Утро едва брезжило, когда Гай отворил дверь маленькой церкви; внутри же было впечатление, что стоит глухая ночь. Воздух сгущали запахи цветов и воска. Гай застал отца в одиночестве, на коленях пред импровизированным алтарем. Мистер Краучбек смотрел в одну точку – на свечу. Он обернулся; лицо его озарила улыбка. Затем продолжил молитву.

Гай тоже преклонил колени и стал молиться.

Вскоре вошел ризничий и поднял черные шторы на восточных окнах. Солнечный свет ударил в глаза – на миг отец и сын ослепли, а свечи и потир растворились в белых лучах.

* * *

А в это время в Лондоне – именно в это, ибо для особо секретной работы в известном департаменте и часы выбирались особо экзотические, – в это время разговор шел о Гае.

– Сэр, насчет саутсендского дела. Новые подробности выяснились.

– Что, опять валлийский профессор на летчиков покушается?

– Нет, сэр. Помните, мы перехватили донесение радиофицированного агента «Л-18»? Вот оно, я его принес: «Два офицера-алебардщика утверждают, что важный резидент Бокс тайно встречался в Саутсенде с крупным военачальником».

– Ерунда, я же сразу сказал. Насколько мне известно, никаких подозрительных Боксов в наших списках не значится, а в Саутсенде и округе нет крупных военачальников. Если, конечно, «Бокс» – это не кодовое название.

– Сэр, по вашему распоряжению мы провели расследование и выяснили, что фамилия одного члена парламента – Бокс-Бендер, а у него есть шурин по фамилии Краучбек, и этот шурин как раз алебардщик. Кстати, Бокс-Бендер – урожденный Бокс, его отец взял хвост «Бендер» в 1897 году.

– Ну и что? Разве не мог этот ваш Бокс-Бендер навестить шурина в полку? Родня, как-никак.

– Тайно навестить, сэр?

– Да почему тайно? Что, разве этот Бокс где-то уже засветился? Надеюсь, вам внушает подозрения не тот факт, что в фамилии его присутствует дефис?
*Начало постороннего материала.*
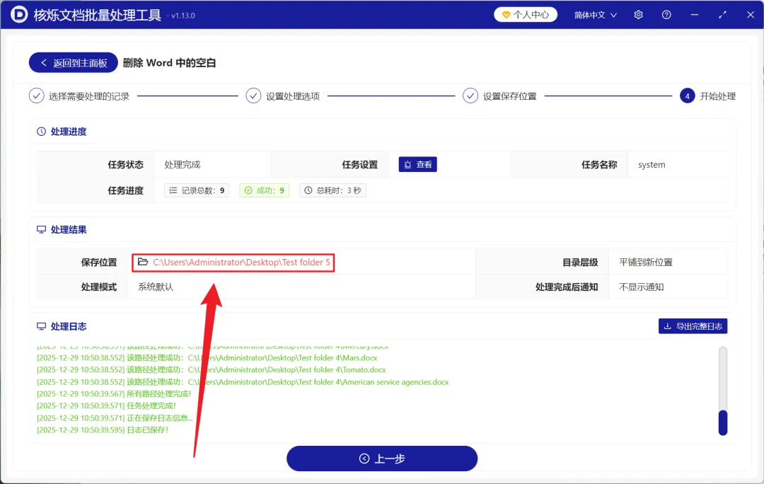 4、等待处理结束之后,点击红色的路径打开文件夹,所有 Word 文件中的空白行都全部删除了。
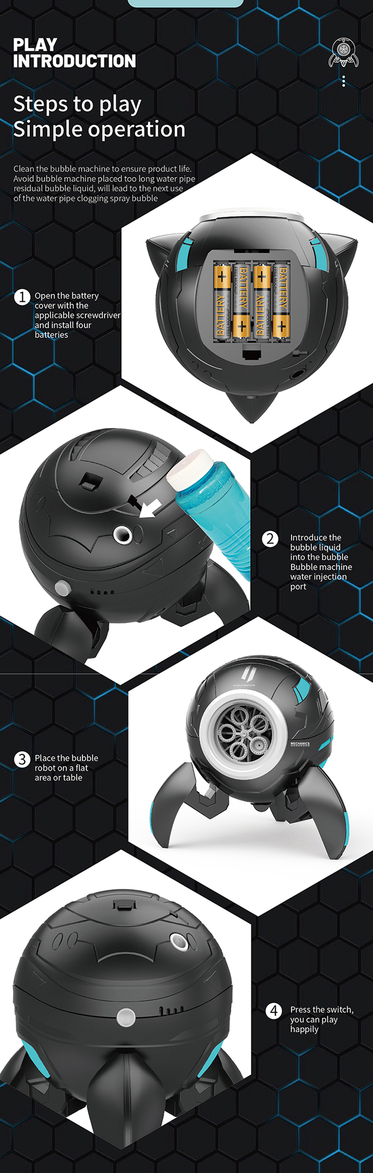 Sci Fi Mecha Five Hole Bubble Machine

– Пока ничего серьезного на Бокс-Бендера у нас нет, сэр, – отвечал младший офицер по фамилии Грейс-Граундлинг-Марчпоул. Каждый дефис в его фамилии свидетельствовал об удачном браке, заключенном в эпоху земельной собственности. – Правда, Бокс-Бендер дважды ездил в Зальцбург, якобы на музыкальный фестиваль. Зато Краучбек – персонаж совсем иного рода. До сентября 1939-го жил в Италии. Замечен в дружеских отношениях с фашистскими властями. Не завести ли на него отдельную папку, сэр?

– Пожалуй.

– Может, заодно и на Бокс-Бендера?

– Да. Не помешает.

И они, подобно ризничему, подняли черные шторы и впустили утренний свет.

Так Совершенно Секретный каталог обогатился еще двумя фамилиями. Позже этот Каталог переснимали на микропленку, размножали в копиях и рассылали для внесения в каталоги штабов контрразведки Свободного Мира. Судьба им была – до скончания времен пылиться в Особо секретных архивах Второй мировой.

5

Таинства, срок которому имел расплывчатое определение «когда бригада будет сформирована», Гай и едва ли не все его товарищи ждали более пяти месяцев. Мысль грела их; в то же время алебардщики трепетали грядущего.

В свое время Гай смотрел фильм о восстании 45-го года[24]. В память ему врезалась картинка: принц Чарльз с горсткой союзников стоит на вересковом холме, все наряжены точно для Королевского шотландского бала, а вид – в точности как у бражников, отбившихся от основной компании, заплутавших в предместьях и тщетно ожидающих, когда за ними заедут на машине.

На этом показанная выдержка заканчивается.